When a lowly shepherd from lonely Sinai claimed he was going to deliver six million Jewish slaves single-handedly from the clutches of their all-powerful Egyptian captors, Moses' own people made fun of him. But it was he who later had the fun as he led them miraculously through the Red Sea on dry ground (Exodus 4, 14). The people of Jericho jeered when Joshua jogged his Jews seven times around their impregnable walls, but it was really a blast on those tiny trumpets when those walls came tumbling down (Joshua 6:1-20). The Midianite army of thousands must have really cracked up when most of Gideon's army split and he was only left with three hundred men, but it was the Midianites' turn to split when his paltry party pelted them with pottery in the middle of the night (Judges 7).
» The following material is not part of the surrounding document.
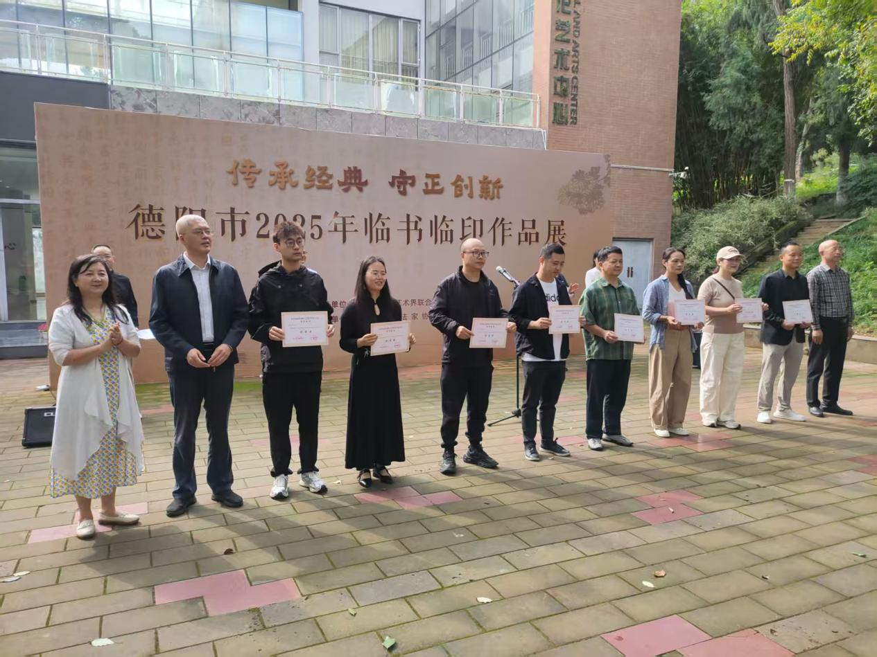 10月9日,由德阳市文学艺术界联合会指导、德阳市书法家协会主办的2025年“传承经典·守正创新”临书临印作品展顺利举行。学校教育学院技能教研室尹茜老师在本次展览中荣获佳绩,并作为获奖作者代表发言。

The mighty lords of the conquering Philistines sneered when Samson, the proverbial Jewish strong man, stood blind before them as their captive, but when he pushed the pillars of their temple apart, it was his turn to snicker as he slew more of his enemies with his death than his life (Judges 16:21-30). The giant Goliath ridiculed the little lad with the slingshot, but when David cut loose with just one honest bit of rock, the Philistine phony fell flat his face and the children of God danced for joy (1 Samuel 17). The prophets who predicted the dooms of their dominant dominions of old were derided as daft and demented, but when each fell in its time according to their rhyme, they were no longer found fanatically funny!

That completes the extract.